You guys are talking about the QuickSilver I believe....it got huge buds but Hermied on me and got yanked....made some bubble with it.


Thanks for the blast from the past....I had forgot about this grow.


----------



## Moto-Man (Feb 9, 2011)

Hamster Lewis said:
			
		

> You guys are talking about the QuickSilver I believe....it got huge buds but Hermied on me and got yanked....made some bubble with it. Thanks for the blast from the past....I had forgot about this grow.



Hey HL,

I just noticed that sweet pic of your Sensi-Star.. do any impressions remain with you regarding that strain? I came across it at a seed site and it intrigued me.

Cheers,


----------



## nova564t (Feb 9, 2011)

Hamster Lewis said:
			
		

> I wish I cld help ya babys but I am all chemical. I use GH flora series. Nchef pops to mind as someone who cld answer your question...maybe he will pop in or you cld pm him.

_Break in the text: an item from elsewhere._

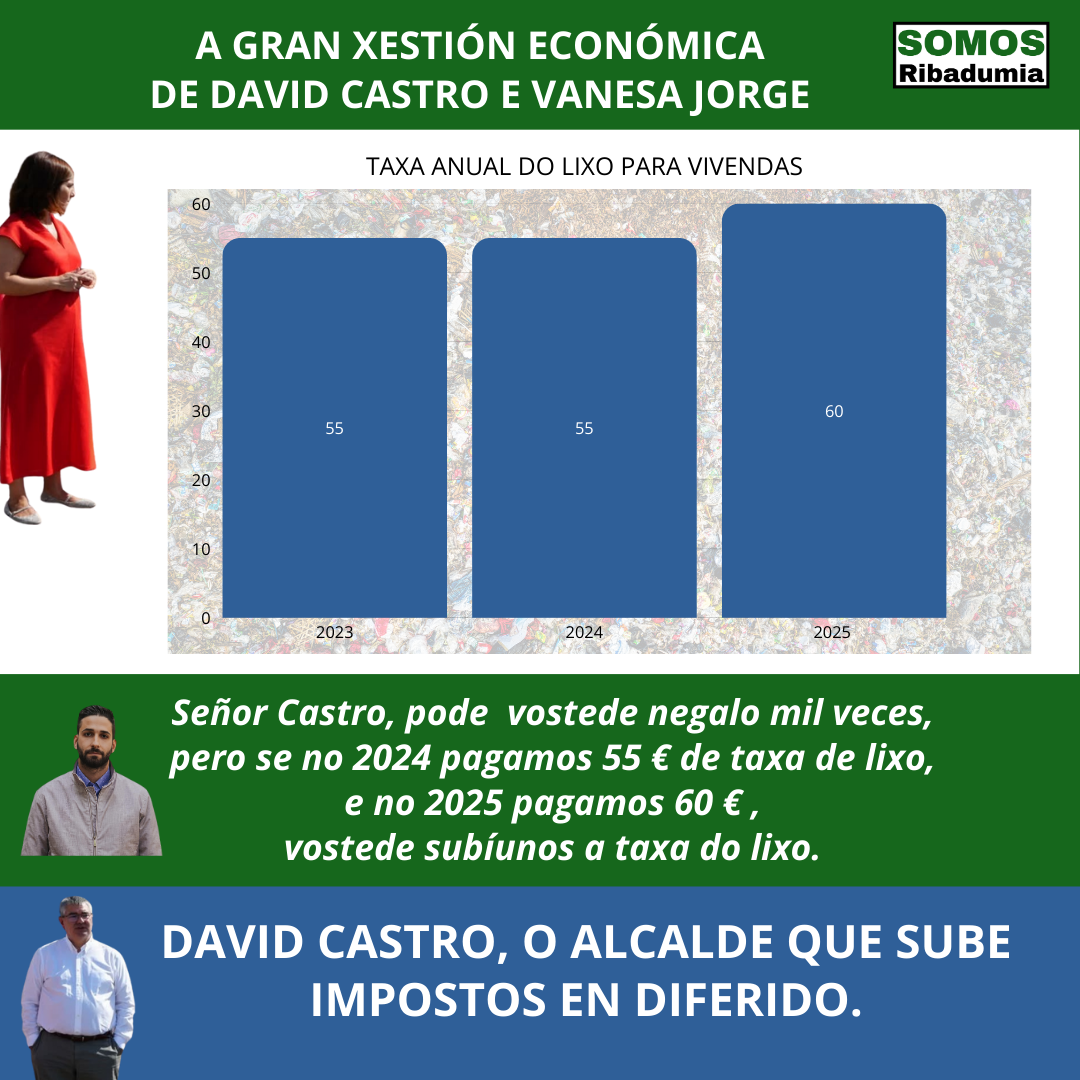 A secuencia dos feitos é a seguinte. No 2019, estando Somos Ribadumia no goberno, xestionouse un convenio con SOGAMA que deu como resultado unha rebaixa do 10% do prezo da tonelada que dende o goberno repercutimos á veciñanza na mesma proporción, por certo aprobando a nova taxa en Pleno. No 2023 a Xunta aumentou esa bonificación ata o 15%, pero os Concellos tiñan que cumprir antes de 2025 unhas condicións, entre elas a implantación do contador marrón. David Castro non repercutiu este aumento da bonificación á veciñanza, pero tampouco cumpriu as condicións da Xunta e ao final rematou por perder a totalidade da bonificación. O que non tiña obriga ningunha de facer é subir a taxa á veciñanza, pero subiuna un 10%.
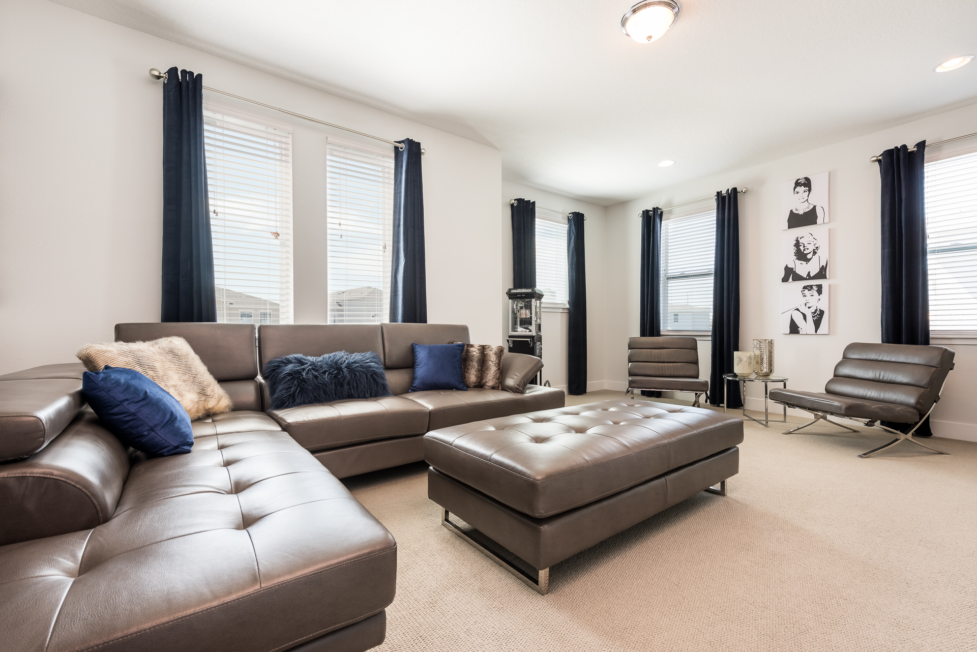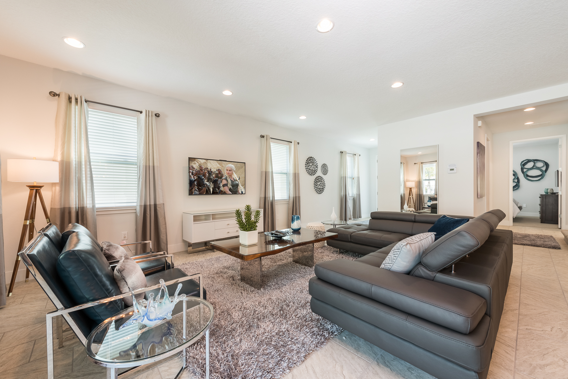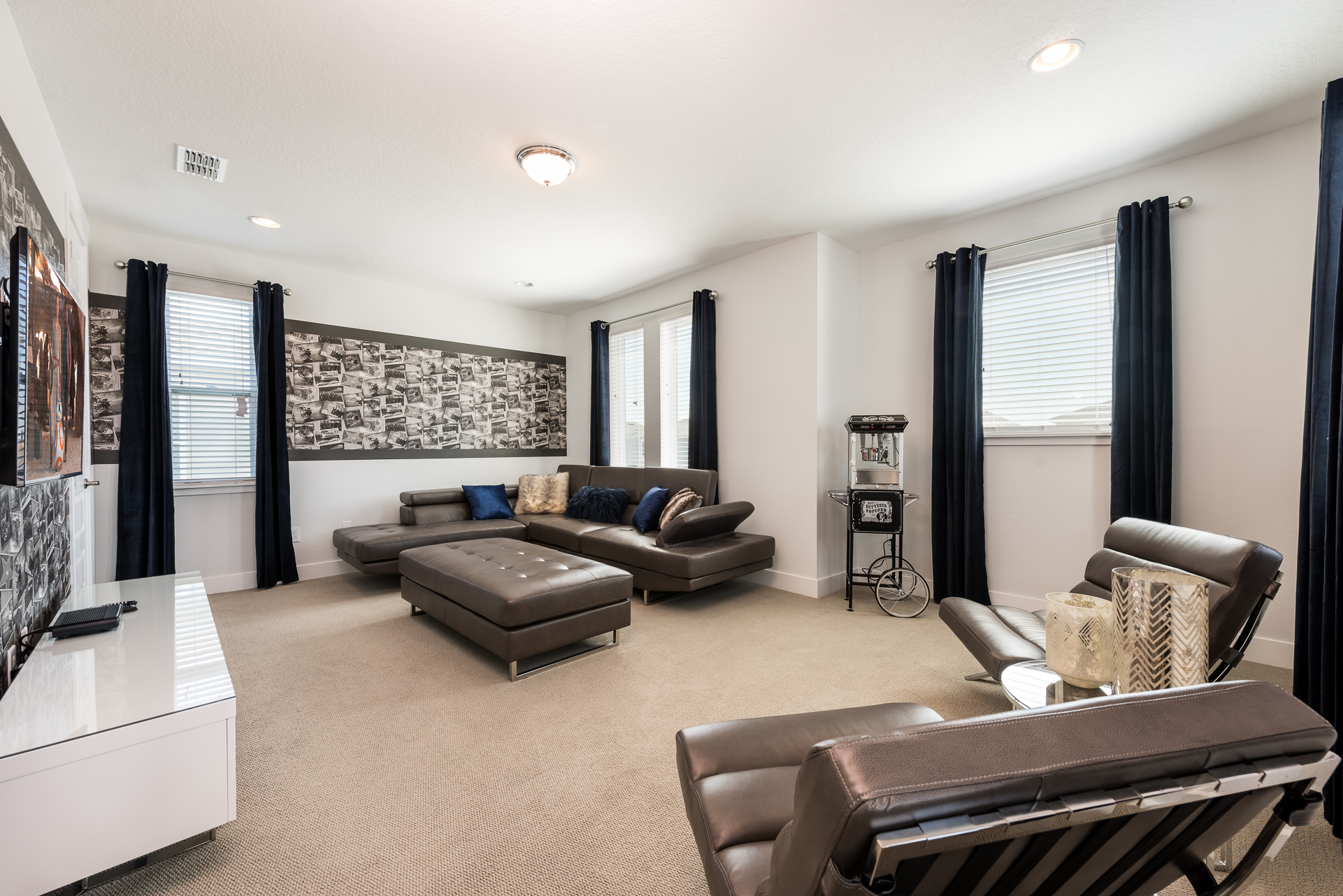 Upper floor loft area has a large flat screen TV, leather sectional, and 2x accent chairs

I'm a gh flora guy too, this stuff makes pros outa amateurs!!


----------



## Locked (Feb 9, 2011)

Moto-Man said:
			
		

> Hey HL,
> 
> I just noticed that sweet pic of your Sensi-Star.. do any impressions remain with you regarding that strain? I came across it at a seed site and it intrigued me.
> 
> Cheers,



Yeah man the Sensi Star cross I had was A+ smoke....I still 5 beans of it I believe....maybe it needs to be regrown.   I have heard Sensi Star itself is A+ smoke on it's own.


----------



## Locked (Feb 9, 2011)

nova564t said:
			
		

> I'm a gh flora guy too, this stuff makes pros outa amateurs!!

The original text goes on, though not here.